Old photos are so full of people I just don’t talk to anymore. So what do I do with photos that make me uncomfortable? Like the angsty edgelord I am, I delete them. I tend to remove the photos I don’t like. There’s a reason why there aren’t a lot of photos of my life between the ages of 12-16. Those years weren’t great, so why document them?

But it goes beyond just being an aggressive editor of images. I’m also a huge editor of who can see what. Why do you think it took so long to finally make a Youtube channel or why so many friends have failed to do a successful podcast with me? I’m a great podcast guest but I’m not great at running one with friends. I’m image conscious and pain averse.

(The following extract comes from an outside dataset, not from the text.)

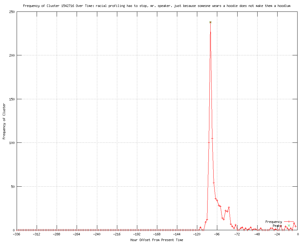 | 160 | racial profiling has to stop Urls http://upi.com/Top_News/US/2012/03/28/Rep-Rush-kicked-out-of-chamber-for-hoodie/UPI-37461332982215/ http://content.usatoday.com/communities/onpolitics/post/2012/03/trayvon-martin-hoodie-bobby-rush-/1?csp=34news http://content.usatoday.com/communities/onpolitics/post/2012/03/trayvon-martin-hoodie-bobby-rush-/1?csp=34news&utm_source=feedburner&utm_medium=feed&utm_campaign=Feed:%20usatoday-NewsTopStories%20%28News%20-%20Top%20Stories%29 http://tartanmarine.blogspot.com/2012/03/political-digest-for-march-29-2012.html http://edition.cnn.com/2012/03/28/justice/florida-teen-shooting/index.html?eref=rss_latest http://kbmt12.com/story/17276948/outcry-mounts-answers-few-in-trayvon-martin-shooting http://sistertoldjah.com/archives/2012/03/28/teachable-moment-former-black-panther-bobby-rush/ http://alan.com/2012/03/28/congressman-bobby-rush-kicked-off-house-floor-for-wearing-hoodie/ http://thehill.com/blogs/floor-action/house/218691-rep-bobby-rush-kicked-off-house-floor-for-wearing-hoodie http://freerepublic.com/focus/f-news/2864922/posts http://shavedlongcock.blogspot.com/2012/03/rep-bobby-rush-kicked-off-house-floor.html http://democraticunderground.com/101484429 http://thehill.com/video/house/218691-rep-bobby-rush-kicked-off-house-floor-for-wearing-hoodie http://outsidethebeltway.com/congressman-kicked-off-house-floor-for-wearing-hoodie/ http://freerepublic.com/focus/f-news/2864929/posts http://thegatewaypundit.com/2012/03/idiot-dem-bobby-rush-kicked-off-house-floor-for-wearing-a-hoodie-video/ http://huffingtonpost.com/2012/03/28/trayvon-martin-rep-bobby-rush-house-floor-hoodie_n_1385258.html http://redriverradio.org/post/hoodie-house-leads-shouting-capitol http://kunm.org/post/hoodie-house-leads-shouting-capitol http://kclu.org/npr/?id=149532409 http://godlikeproductions.com/forum1/message1821504/pg1 http://wknofm.org/post/hoodie-house-leads-shouting-capitol http://wkar.org/post/hoodie-house-leads-shouting-capitol http://npr.org/blogs/thetwo-way/2012/03/28/149532409/hoodie-in-the-house-leads-to-reprimand-shouting-in-the-capitol?ft=1&f=103943429 http://wyomingpublicradio.net/post/hoodie-house-leads-shouting-capitol http://freerepublic.com/focus/f-news/2864969/posts http://npr.org/blogs/thetwo-way/2012/03/28/149532409/hoodie-in-the-house-leads-to-reprimand-shouting-in-the-capitol?ft=1&f=1001 http://kunc.org/post/hoodie-house-leads-shouting-capitol http://kios.org/post/hoodie-house-leads-reprimand-shouting-capitol http://wfae.org/wfae/nprnews.cfm?storyId=149532409 http://publicradiodelmarva.net/post/hoodie-house-leads-shouting-capitol http://wuky.org/post/hoodie-house-leads-shouting-capitol http://pba.org/post/hoodie-house-leads-shouting-capitol http://Forum.BlackHairMedia.com/raise-your-voice-for-trayvon-martinletter-pg12_topic335363_post9338626.html#9338626 http://Forum.BlackHairMedia.com/raise-your-voice-for-trayvon-martinletter-pg12_topic335363_post9338619.html#9338619 http://Forum.BlackHairMedia.com/raise-your-voice-for-trayvon-martinletter-pg12_topic335363_post9338607.html#9338607 http://krwg.org/post/hoodie-house-leads-reprimand-shouting-capitol http://upr.org/post/hoodie-house-leads-shouting-capitol http://wncw.org/post/hoodie-house-leads-shouting-capitol http://kosu.org/2012/03/hoodie-in-the-house-leads-to-shouting-in-the-capitol/ http://wesm913.org/post/hoodie-house-leads-shouting-capitol http://wyomingpublicmedia.org/post/hoodie-house-leads-shouting-capitol http://kbia.org/post/hoodie-house-leads-shouting-capitol http://newmediablog.com/2012/03/dem-kicked-off-house-floor-for-hoodie-in-trayvon-martin-protest/ http://rss.cnn.com/~r/rss/cnn_topstories/~3/pAxn0F9yk8c/index.html http://gpb.org/news/2012/03/28/hoodie-in-the-house-leads-to-shouting-in-the-capitol http://wdsu.com/politics/30786017/detail.html http://wcti12.com/politics/30786017/detail.html http://kalw.org/post/hoodie-house-leads-shouting-capitol http://ktvz.com/politics/30786017/detail.html http://justnews.com/news/politics/Rep-wearing-hoodie-removed-from-House-floor/-/1895020/9739194/-/12i2sl1/-/index.html http://kjct8.com/politics/30786017/detail.html http://kesq.com/politics/30786017/detail.html http://cnn.com/2012/03/28/politics/congressman-hoodie/index.html?eref=rss_topstories http://Forum.BlackHairMedia.com/raise-your-voice-for-trayvon-martinletter-pg12_topic335363_post9338653.html#9338653 http://Forum.BlackHairMedia.com/raise-your-voice-for-trayvon-martinletter-pg12_topic335363_post9338658.html#9338658 http://Forum.BlackHairMedia.com/raise-your-voice-for-trayvon-martinletter-pg12_topic335363_post9338654.html#9338654 http://Forum.BlackHairMedia.com/raise-your-voice-for-trayvon-martinletter-pg12_topic335363_post9338655.html#9338655 http://clickorlando.com/news/politics/Rep-wearing-hoodie-removed-from-House-floor/-/1637100/9739194/-/r7a7qf/-/index.html http://nbcmontana.com/politics/30786017/detail.html http://10news.com/politics/30786017/detail.html http://politics.blogs.foxnews.com/2012/03/28/bobby-rush-dons-hoodie-house-floor http://localnews8.com/politics/30786017/detail.html http://cnn.com/2012/03/28/politics/congressman-hoodie/index.html?eref=rss_latest http://wcyb.com/nationalnews/30786017/detail.html http://kvia.com/politics/30786017/detail.html http://cnn.com/2012/03/28/politics/congressman-hoodie/index.html http://npr.org/blogs/thetwo-way/2012/03/28/149532409/hoodie-in-the-house-leads-to-reprimand-shouting-in-the-capitol?ft=1&f=1014 http://politics.blogs.foxnews.com/2012/03/28/bobby-rush-dons-hoodie-house-floor/ http://dailycaller.com/2012/03/28/congressman-ejected-from-house-floor-for-wearing-hoodie/ http://ibloga.blogspot.com/2012/03/fox-rep.html http://outsidethebeltway.com/congressman-kicked-off-house-floor-for-wearing-hoodie/?utm_source=feedburner&utm_medium=feed&utm_campaign=Feed%3A+OTB+%28Outside+The+Beltway+%7C+OTB%29 http://scribblerg.blogspot.com/2012/03/your-congress-at-work.html http://cnn.com/2012/03/28/politics/congressman-hoodie/index.html?hpt=hp_c1 http://pr

This method does go perfectly fundamentally how I use Facebook, Twitter and most things digital: I use them as a simulacra of me. I’m part of the “yearbook” camp of Facebook use.  Facebook is meant to be the thing people see that can be pieced together to form one complete Amanda.

But in those photos, I do have a piece of me in each one. I had these people in my life. Their stories matter or at least they did as of the picture taken. And in those old photos are plenty of pictures I want to keep. Pictures of Mandy. Pictures of my mom: some of the last of her life. From my trip to Disney that I enjoyed more than my little cousin. From conventions. Of a thinner me. Of a me in power of an anime club. Of former lovers and former friends. There are traces of me in every single photograph and maybe, just maybe I shouldn’t delete them.

Or I should. No one will know. I don’t talk to these people anymore.